Раз уж тебе подвернулся такой предлог, тебе не приходилось краснеть за свою дерзость. Твоя подпись не требовалась. Не становился ты и участником системы, в которой произведение искусства превращается в товар для общества потребления. Ты избегал этой симонии, этого ажиотажа, этого торгашества.

Таково могло быть истинное объяснение подобных перемен, не только в «Описании земной империи» (то есть твоем), но и в «Незапамятном» — второй части цикла подведения итогов, которая стала его завершением, осуществлением, когда ты понял, что твоя кампания ничего не дала, что никто не поддался и не принял тебя всерьез, и если ты хочешь разрушить чары, тебе нужно снова взяться за перо, дописать конец и опубликовать его под собственным именем — ты думал, что это единственный способ добиться торжества правды.

Будучи привилегированным читателем, я, наверное, один трактую эти две книги таким образом. Хотя, возможно, совсем не обязательно знать подобные тонкости, чтобы произведение получило смысл, — не зависящий от Атарассо, который его не писал, и от тебя, который позволил его у себя отнять. То, что оно подвержено стольким различным трактовкам, вызывает столько противоречивых толкований, еще яснее указывает на его принадлежность. Если мне когда-нибудь удастся доказать твои утверждения, я лишь отберу эту книгу у одного из вас, не более того. Небольшая перемена по сравнению с настоящим ее наполнением. Загадка ее рождения, которого в обоих случаях ничто не предвещало, останется загадкой. Из всех заблуждений ума самое тщеславное — считать, будто автор продолжает жить в своем произведении, тогда как единственный шанс на нетленность у самого произведения состоит именно в способности изринуть из себя, отвергнуть автора, очиститься от него, избавиться от примет наследственности и свести практически к нулю последствия чьего-либо существования, о котором в свое время посчитали нужным заявить.

Именно этот пепел будет развеян временем. Уверенность в этом жила в тебе волнующей надеждой, ибо вместо того, чтобы удалять тебя от возможной судьбы, она превращала тебя не в настырное выражение индивидуальности, а в свидетеля никем не признанной истины, которая ослепляла тебя своим светом каждый раз, когда ты оборачивался к прошлому.

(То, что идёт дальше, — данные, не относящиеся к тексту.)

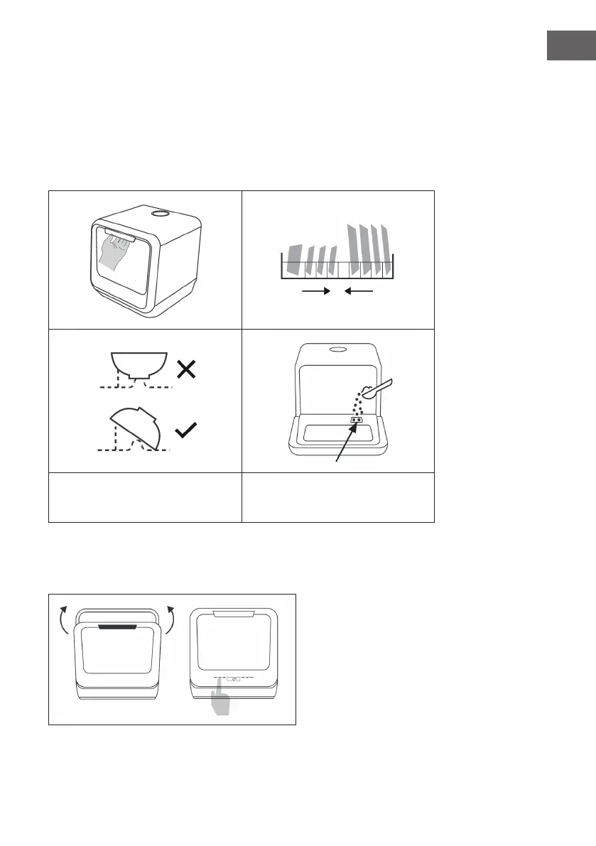 Remove the larger food residues from the dishes. Open the door, place the dishes in the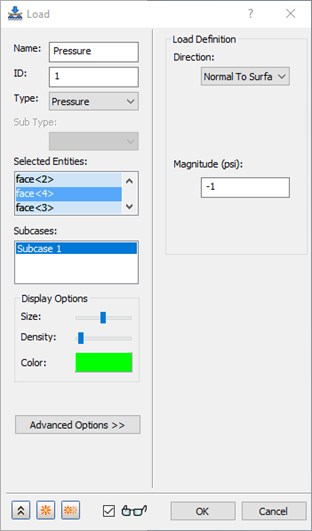 13. Change the Type drop-down to Pressure. Type -1 for Magnitude under Load Definition.

«Они разбили мои оковы в покоях императора…» Я нашел эту фразу в «Незапамятном», в отрывке, посвященном смерти Траяна. Большинство критиков продолжают ломать голову над тем, какой в этом кроется смысл, заявляя обычно, что Атарассо изобразил себя в облике старого императора, который во время парфянского похода очутился в тех краях, где сам он проработал всю жизнь. Никто как будто не заметил, что это единственный не сказочный, не вымышленный ориентир в твоем воображаемом путешествии. Вся вторая часть произведения — если рассматривать его как единое целое — строится вокруг этой войны, затеянной с целью обеспечить безопасность караванов, идущих в Азию, и установить власть Рима надо всеми дорогами до самого Персидского Залива. Поскольку Атарассо всегда интересовался поздним периодом месопотамской истории, а в особенности парфянской глиптикой, никого не удивило, что он упомянул о нескольких эпизодах завоевания и отождествил себя с императором.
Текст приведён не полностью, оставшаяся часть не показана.